(INFORMATION GIVEN)
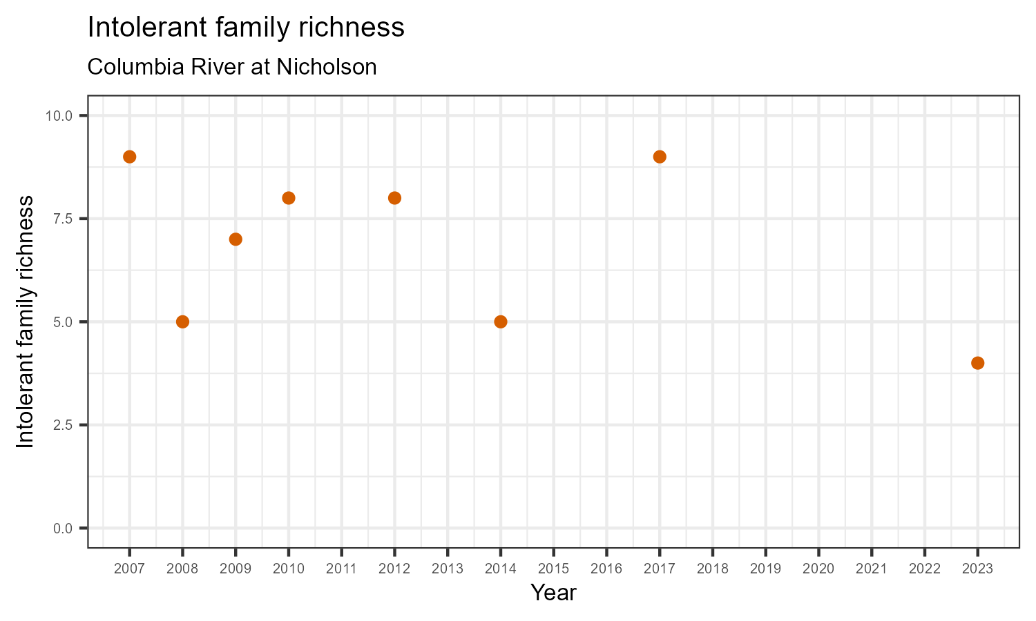 Intolerant family richness counts the number of taxonomic families that are sensitive (intolerant) to pollution, according to the Hilsenhoff Biotic Index. Intolerant family richness may decrease as water pollution increases.
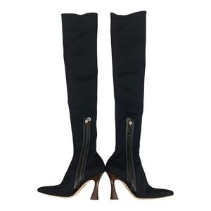 NEW Brother Vellies Brandy Over The knee Sock Boot Heels in Midnight Size 9. Features: Cushioned inner. A sculpted flared heel balances the squared-off toe on a genuine leather sole.Thigh high neoprene and spandex boots to hug your legs. Inner zip for easy on and off.
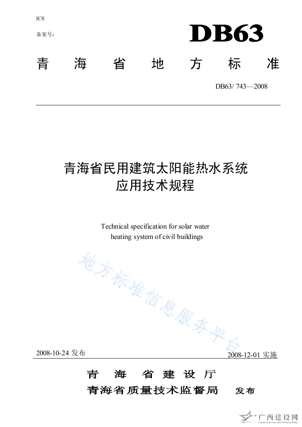 DB63 743-2008青海省民用建筑太陽能熱水系統
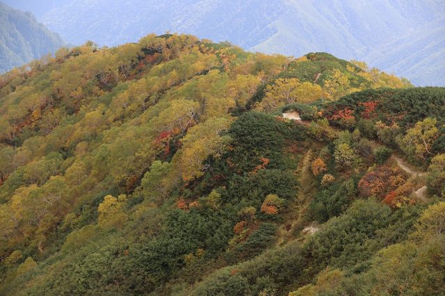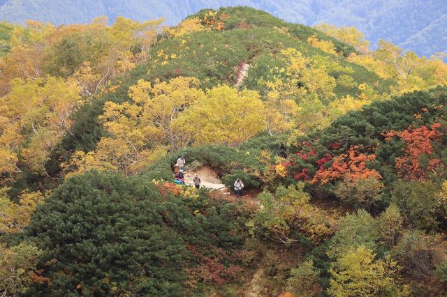 合戦尾根の紅葉はまもなくピークとなりそうで、今とてもきれいです。今日のように日中でも気温が低いとさらに進んでいくことでしょう。
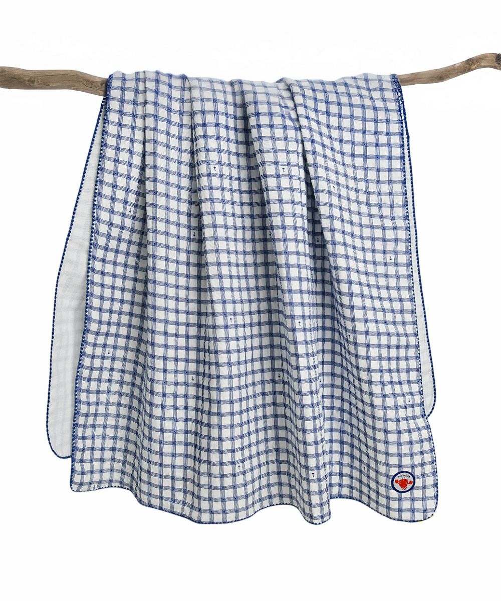 ブルーチェックガーゼおくるみ

(EXERCISE DESCRIPTION) Retype exactly, and only, the lines from the one containing "合戦尾根の紅葉はまもなくピー" through the end of the records above. Pictures stay out of the copy.

(TASK ANSWER)
 合戦尾根の紅葉はまもなくピークとなりそうで、今とてもきれいです。今日のように日中でも気温が低いとさらに進んでいくことでしょう。
 ブルーチェックガーゼおくるみ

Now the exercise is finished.